We used specialized antigen-presenting cells and a host of other growth factors to give the cells an extra stimulus in hopes of better mimicking the in-vivo priming conditions of a naïve T cell and it worked, he said.
In a clinical trial of three children (with fanconi anemia, acute lymphoblastic leukemia, and severe combined immunodeficiency) who were at a high risk for CMV infection, the new treatment was determined safe and may be effective at preventing or treating infection.
One patient experienced a reactivation of both cytomegalovirus and adenovirus (another common post-transplant infection), which was resolved with therapy while two patients did not show signs of infection.
"This was a proof of principle, we are no longer limited by T cell memory," said Hanley. "This gives us a platform to generate T cells against tumors, additional viruses, or any antigen where we do not have enriched T cell precursors."
"While T cell therapies from virus experienced donors have shown great efficacy in patients after stem cell transplant, virus infection still remains a huge cause of morbidity and mortality in our transplant patients especially when the donor is negative for the virus," said Dr.

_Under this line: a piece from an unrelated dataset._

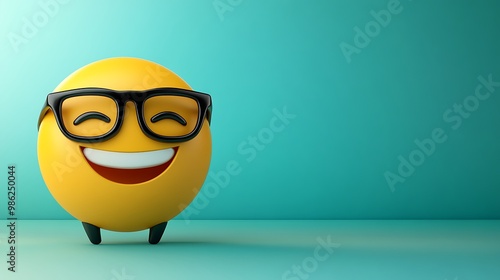 Fototapeta premium Smiling Emoji With Glasses On A Teal Background

Catherine Bollard, director of the Program for Emerging Technologies in Immune Cell Therapies at Children's National Medical Center, and the corresponding author of the study. "Therefore, until now, previous approaches have not solved this problem for preventing life threatening virus-associated diseases in some of our highest risk patients."

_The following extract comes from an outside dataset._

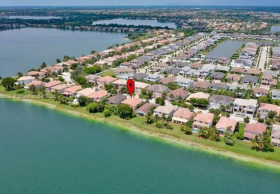This stunning property offers the perfect blend of luxury and comfort, featuring beautiful and massive LAKE VIEW and POOL. It has new IMPACT WINDOWS and DOORS, elegant iron/wood staircase adds a touch of sophistication to the interior, while high ceilings and wood and tiles floors throughout the home amplify its spacious feel. Abundant natural light.The kitchen and family area seamlessly flow into the formal dining /living rooms. Downstairs, find a bed and complete bath,as well as a laundry room w/sink .Upstairs, the principal bed features a sitting area with amazing lake views.Two walk-in closets, and his/her bathrooms offer convenience.There are two more beds with a Jack and Jill bath.2-car garage /storage. This home combines elegance, functionality.GREAT LOCATION.TOP RANKED SCHOOLS

In this study, we have shown for the first time that virus killing T cells can be elicited from virus naive adult and cord blood donors and that these naïve-derived virus killing T cells are safe and may prevent infection in these high risk patients, Bollard said. "This work is exciting because we may ultimately be able to use this treatment as a 'prophylactic vaccine' to improve outcomes for all high risk transplant recipients, including patients after solid organ transplantation."
In another significant finding, the team observed that the naïve T cells in cord blood and CMV-seronegative donors recognize and respond differently to CMV than memory T cells from adults. "We are now looking at why that happens," said Hanley.
"Our new Texas Children's Hospital cord blood transplant clinical trials have improved survival considerably on patients with non-malignant pediatric disorders, specially patients with immune deficiencies. The overall survival after cord blood transplantation for patients with non-malignant pediatric disorders has been excellent with minimal toxicity and side effects," said Dr. Caridad Martinez, assistant professor in the Texas Children's Cancer and Hematology Centers and the Center for Cell and Gene Therapy. "Our standard approach now is to perform a cord blood transplantation when no related donor is available in patients with non-malignant diseases, especially in patients with immune and metabolic disorders which timing of transplant is crucial".
Additional collaborators include Catherine M. Bollard (Children's National Medical Center), James W. Blaney, C. Russell Cruz, Sharon Lam, Robert A. Krance, Kathryn S. Leung, Caridad A. Martinez, Hao Liu, Gail Demmler-Harrison, Cliona M. Rooney, and John R. Rodgers of the Center for Cell and Gene Therapy; Jan J. Melenhorst, Phillip Scheinberg, Daniel C. Douek and John Barrett of the National Institutes of Health; Sarah Nikiforo of the Dana Farber Cancer Institute at Harvard Medical School in Boston, Mass. and Elizabeth J. Shpall, of the University of Texas M.D. Anderson Cancer Center.
Funding for this work was supported by a postdoctoral fellowship to Hanley from the American Cancer Society), the Cancer Prevention Research Institute of Texas (RO1 RP100469) and the National Cancer Institute (CA148600e02).
The Center for Cell and Gene Therapy is a major component of the translational Cancer Cell and Gene Therapy program in the NCI-designated Dan L. Duncan Cancer Center at Baylor.